TASK TO COMPLETE -> Write out the records beneath this line exactly as they appear, minus any images.

Stored entries

● ● ● ● ● ● ●

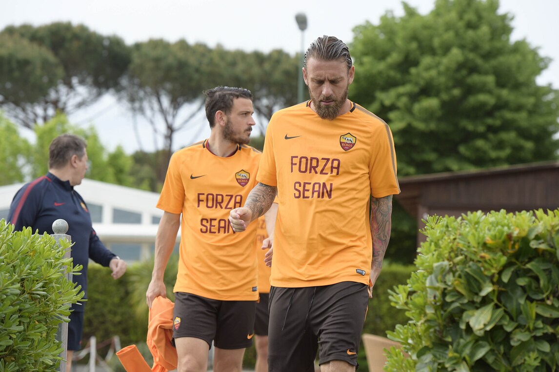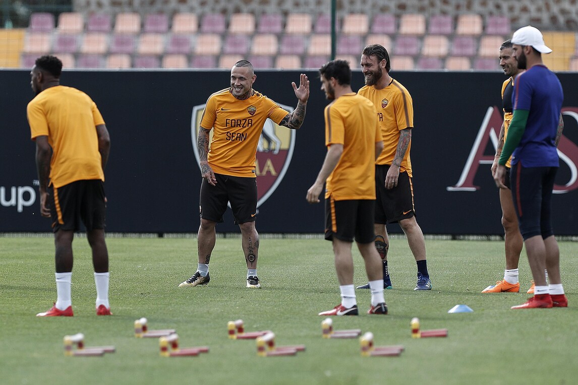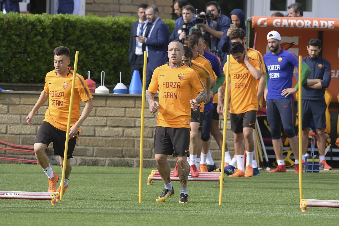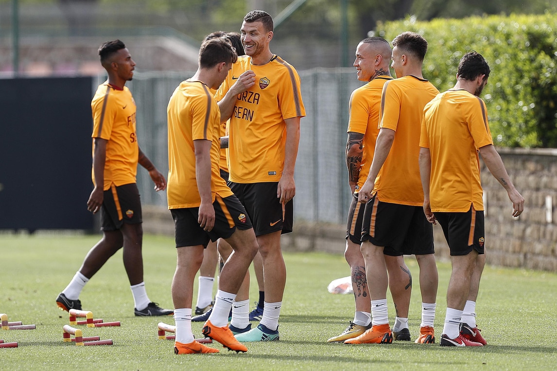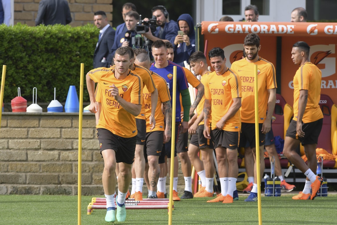 Squadra in campo a Trigoria per la rifinitura, messaggio per il tifoso del Liverpool ferito
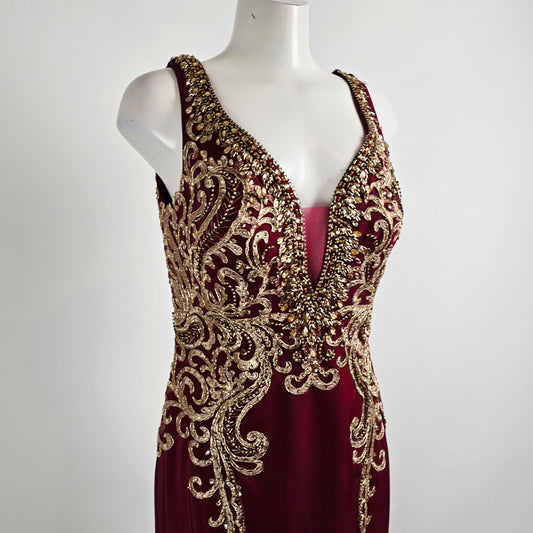 Splash Marsalla & Gold Ebroidered Beaded Eventwear Gown Size 14
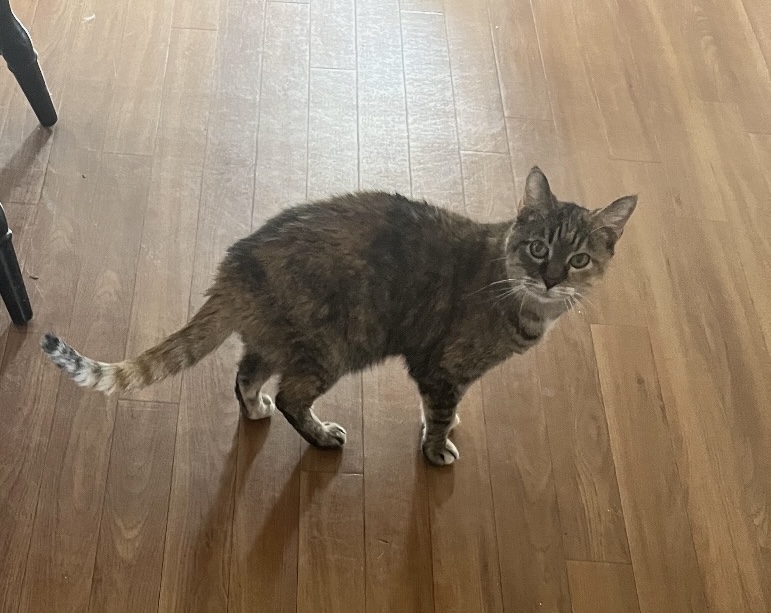 Sugar is an adult female short haired domestic cat weighing about 8lbs. She has distinct tail marking from brown, to white, to a black tip. She is also missing her upper canine tooth.
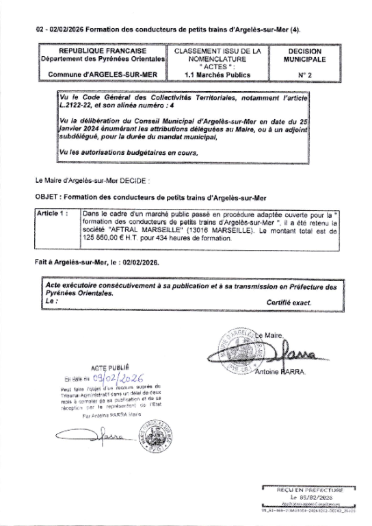Décision municipale - 09/02/2026 pdf-335.84 Ko ajouté le 09-02-2026 Décision municipale du 09 février 2026 - Formation des conducteurs de petits trains d'Argelès-sur-Mer Télécharger
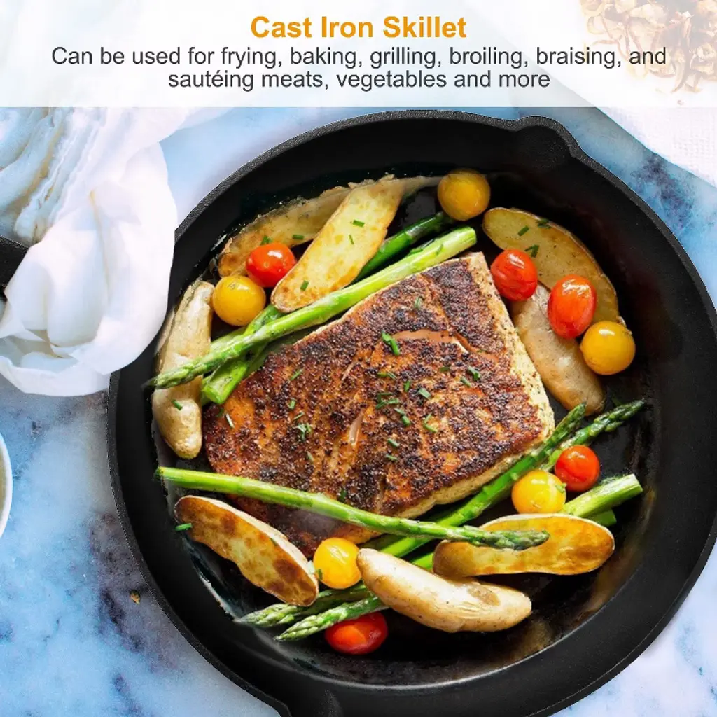 Do you love cooking and want your food exactly right? cast-iron skillet set is your choice. With our cast-iron skillets now cook all you can. Whether it be steaks, paninis, vegetables or anything you like your tummies to be fed. The perfectly sized wide diameters allow for ample cooking spaces, making them compatible with oven, stove, grill or over a campfire. In addition, these cast-iron skillets can be used on various heat sources including gas, electric, induction and ceramic-glass top stoves, and ovens.
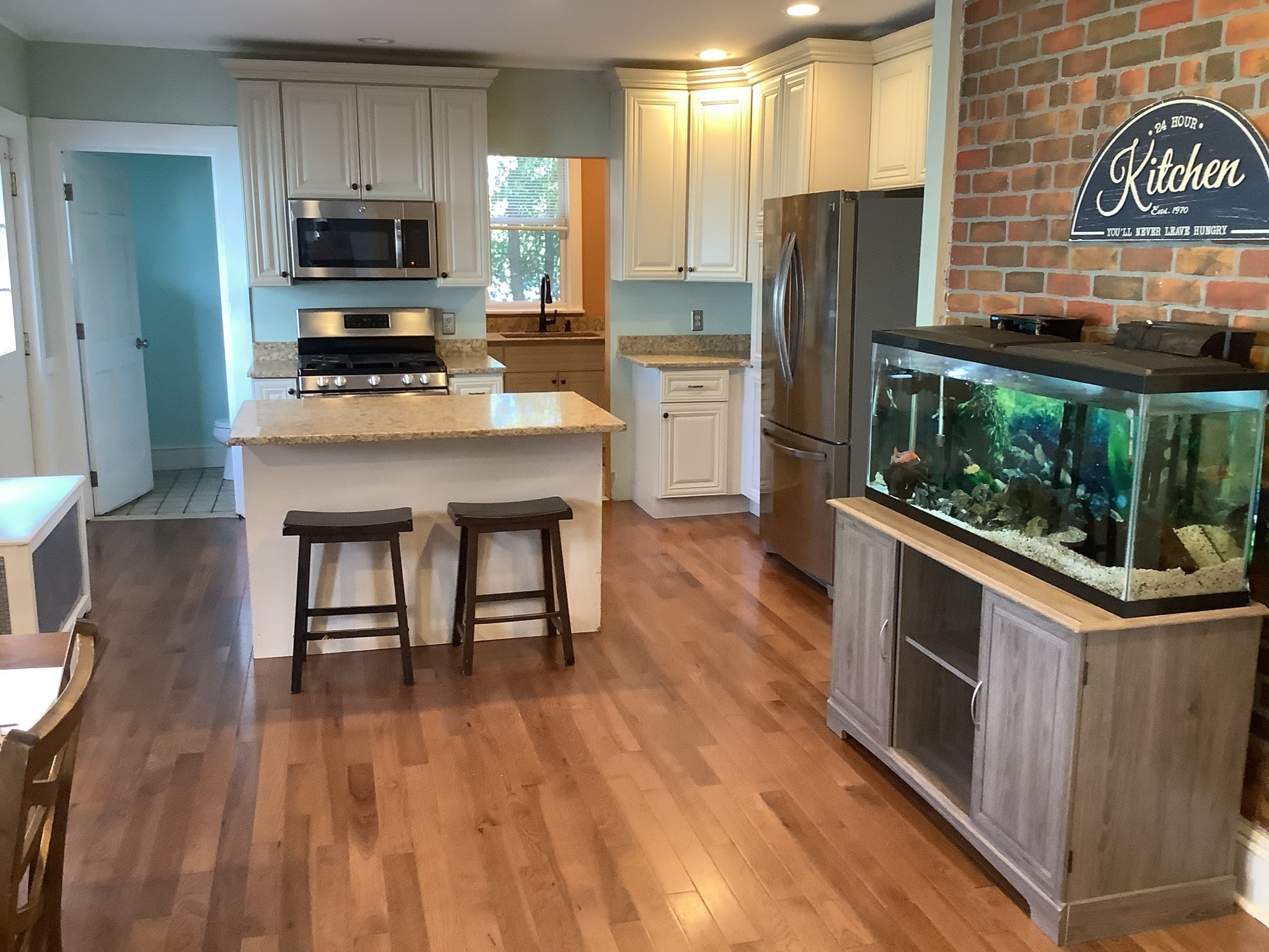 - Bathroom - Half, Cabinets - Upgraded, Closet/Cabinets - Custom Built, Countertops - Stone/Granite/Solid, Countertops - Upgraded, Deck - Exterior, Dining Area, Exterior Access, Flooring - Hardwood, Gas Stove, Kitchen Island, Lighting - Overhead, Open Floor Plan, Pantry, Recessed Lighting, Remodeled, Stainless Steel Appliances, Window(s) - Bay/Bow/Box
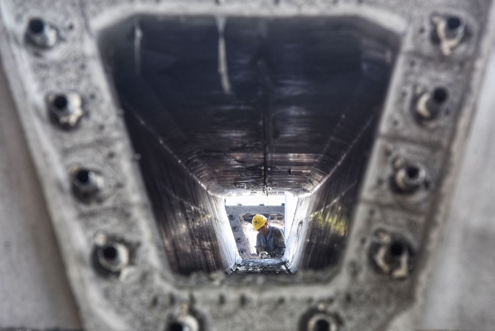 2022年5月6日,建设者在黄茅海跨海通道预制梁场作业。

● ● ● ● ● ● ●

EXERCISE RESULT ->
 Squadra in campo a Trigoria per la rifinitura, messaggio per il tifoso del Liverpool ferito
 Splash Marsalla & Gold Ebroidered Beaded Eventwear Gown Size 14
 Sugar is an adult female short haired domestic cat weighing about 8lbs. She has distinct tail marking from brown, to white, to a black tip. She is also missing her upper canine tooth.
Décision municipale - 09/02/2026 pdf-335.84 Ko ajouté le 09-02-2026 Décision municipale du 09 février 2026 - Formation des conducteurs de petits trains d'Argelès-sur-Mer Télécharger
 Do you love cooking and want your food exactly right? cast-iron skillet set is your choice. With our cast-iron skillets now cook all you can. Whether it be steaks, paninis, vegetables or anything you like your tummies to be fed. The perfectly sized wide diameters allow for ample cooking spaces, making them compatible with oven, stove, grill or over a campfire. In addition, these cast-iron skillets can be used on various heat sources including gas, electric, induction and ceramic-glass top stoves, and ovens.
 - Bathroom - Half, Cabinets - Upgraded, Closet/Cabinets - Custom Built, Countertops - Stone/Granite/Solid, Countertops - Upgraded, Deck - Exterior, Dining Area, Exterior Access, Flooring - Hardwood, Gas Stove, Kitchen Island, Lighting - Overhead, Open Floor Plan, Pantry, Recessed Lighting, Remodeled, Stainless Steel Appliances, Window(s) - Bay/Bow/Box
 2022年5月6日,建设者在黄茅海跨海通道预制梁场作业。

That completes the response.